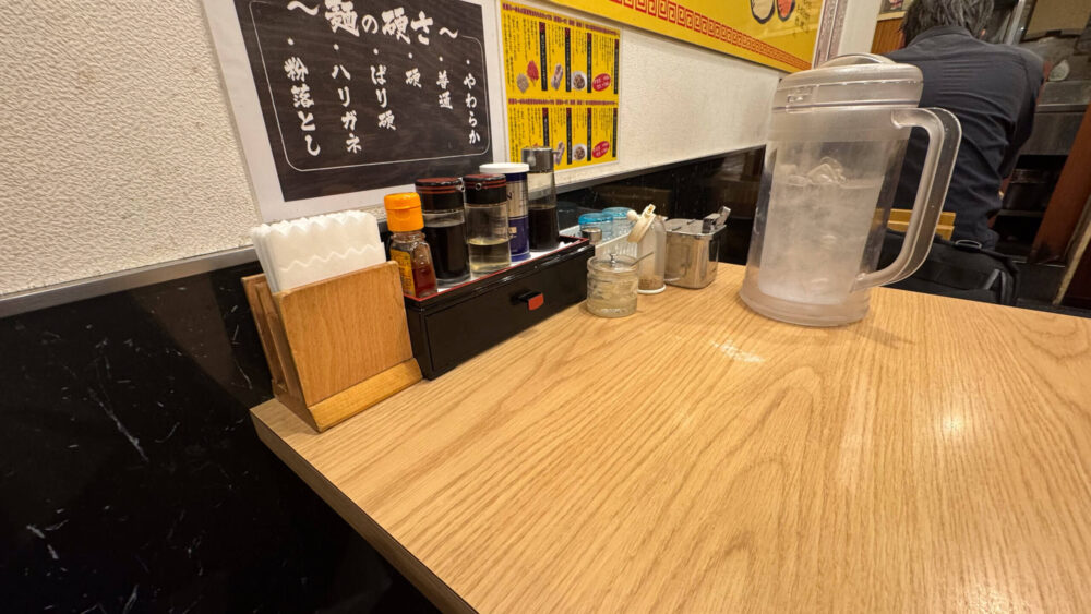 ▲卓上にはかえし、ラー油、お酢、胡椒、ニンニク、すりごま、辛子高菜などの豊富なラインナップ。
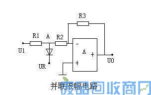 限幅器是一个具有非线性电压传输特性的运放电路。其特点是:当输入信号电压在某一范围时,电路处于线性放大状态,具有恒定的放大倍数,而超出此范围,进入非线性区,放大倍数接近于零或很低。在变频器电路设计中要求也是很高的,要做一个好的变频器维修技术员,了解它也相当重要。 1、 二极管并联限幅器电路图如下所示:
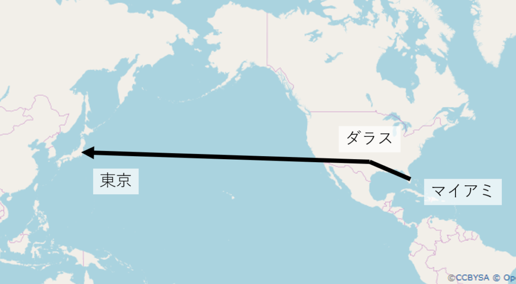 ▲ マイアミから東京までのフライト

□ □ □ □ □

Give back each line above exactly, with pictures dropped.

● Exercise solution
 ▲卓上にはかえし、ラー油、お酢、胡椒、ニンニク、すりごま、辛子高菜などの豊富なラインナップ。
 限幅器是一个具有非线性电压传输特性的运放电路。其特点是:当输入信号电压在某一范围时,电路处于线性放大状态,具有恒定的放大倍数,而超出此范围,进入非线性区,放大倍数接近于零或很低。在变频器电路设计中要求也是很高的,要做一个好的变频器维修技术员,了解它也相当重要。 1、 二极管并联限幅器电路图如下所示:
 ▲ マイアミから東京までのフライト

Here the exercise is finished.